Ambroise Croizat, à l'origine de la sécu

13 Octobre 2015 , Rédigé par Réveil Communiste Publié dans #Front historique

Michel Etievent 13 octobre

Qui donc aurait l’audace d’attribuer la paternité de la loi Veil à son obscur chef de cabinet ?

C’est à peu près ce que nous allons entendre à longueur de médias et de déclarations politiques en ce 70ème anniversaire à propos de la création de la sécurité sociale. « La sécurité sociale a été fondée par Pierre Laroque ! » L’attribution de cette précieuse conquête de l’humanité à un soudain désir humaniste et généreux de celui qui n’était qu’un fonctionnaire d’Ambroise Croizat, ministre du travail et bâtisseur de l’organisme hante l’histoire officielle depuis les années 1950.
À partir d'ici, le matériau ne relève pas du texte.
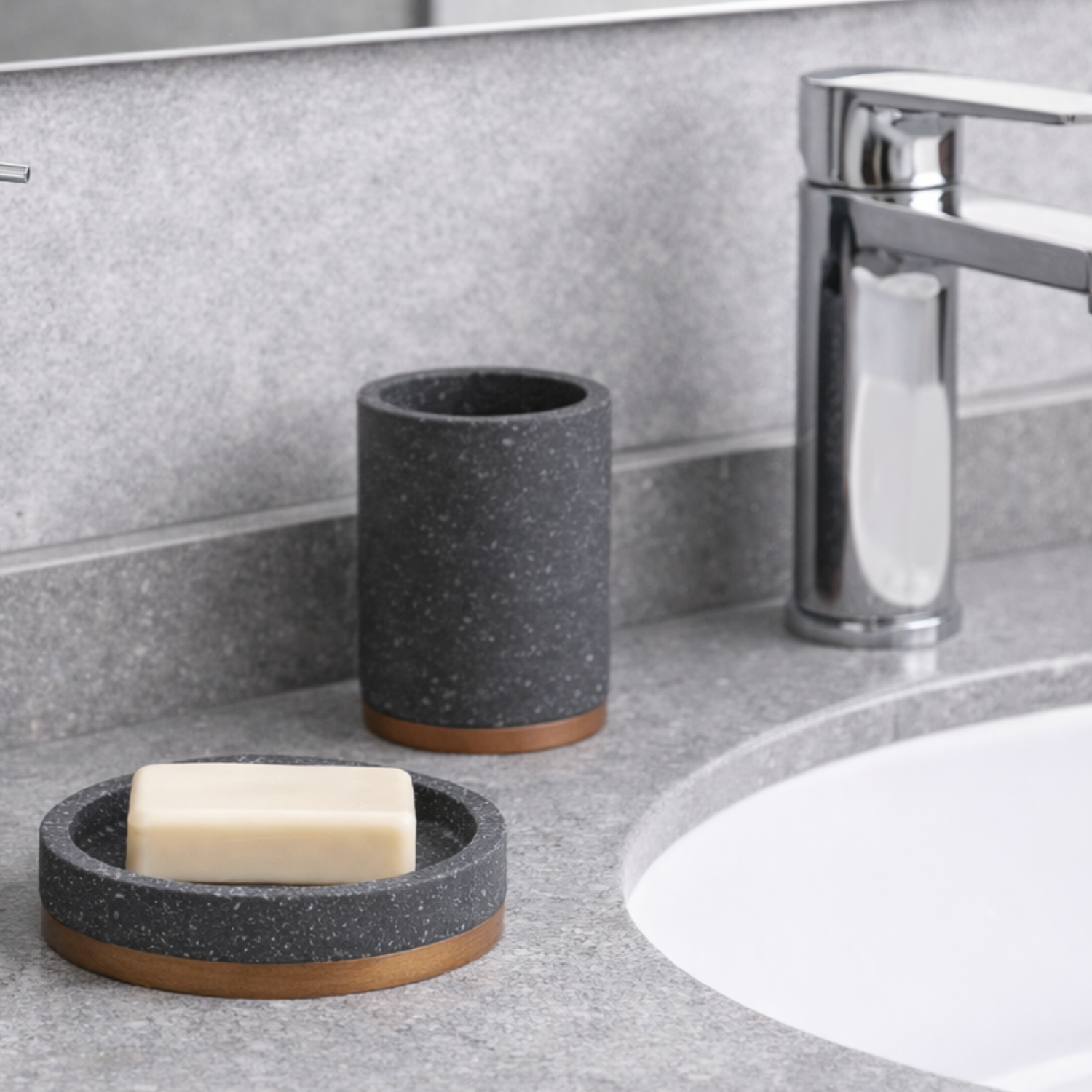 El acabado en arena negra aporta un aspecto mate y natural, mientras que la base de madera de acacia introduce un contraste orgánico que enriquece la estética del conjunto.
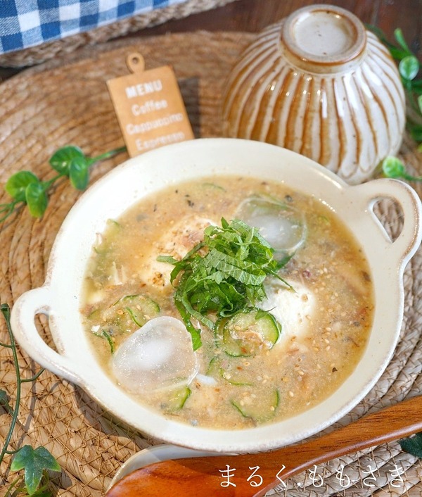 暑くなってくると、冷や汁が食べたくなってきます^^本来はアジの干し物で作るけれど、さば缶を使うとパパっと作れるので便利ですね。さば缶で魚の風味と出汁、薬味の生姜・ミョウガ・青シソそしてきゅうりとすり胡麻を入れた冷たい冷や汁。木綿豆腐をスプーンですくい入れ ...
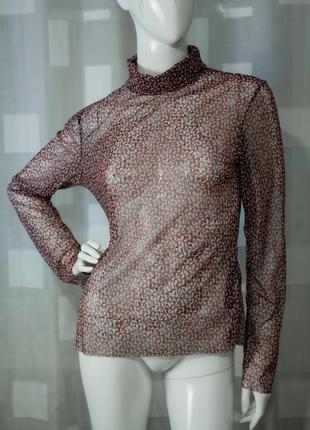 Прозорий гольф- сітка. Має довий рукав та горлишко, Дрібний принт у квіточку червоно-чорного кольору. Добре тягнеться , потребує нижнього шару(білизни). Матеріал-сітка, поліамід Колір-червоний, чорний, білий Розмір- L Заміри (см) Пів об. плечі- 41 Пів об. груди- 43 Пів об. талія- 40 Пів об. бедра- 43 Довжина від плеча- 60 Довжина рукава-58 Стан- 10\10 №296

L’entreprise qui tient de la manipulation n’est évidemment pas innocente. Elle vise tout d’abord à minorer voir même à effacer l’apport essentiel des ministres communistes dans les grandes innovations sociales de la Libération : entre autres Francois Billoux, ministre de la santé de septembre 1944 à novembre 1945 et surtout Ambroise Croizat, ministre du travail de 1945 à 1947.Elle permet habilement dans un second temps de taire toute la dimension collective de la création de l’organisme en gommant le rôle fondamental joué par le peuple ouvrier dans la mise en place de cet acquis : un peuple mobilisé par un rapport de force sans lequel n’aurait pu être imposée « l’invention sociale » des années 45 : 29 % des voix au PCF, 5 millions d’adhérents à la CGT, une classe ouvrière grandie par sa résistance héroïque, un patronat sali par sa collaboration.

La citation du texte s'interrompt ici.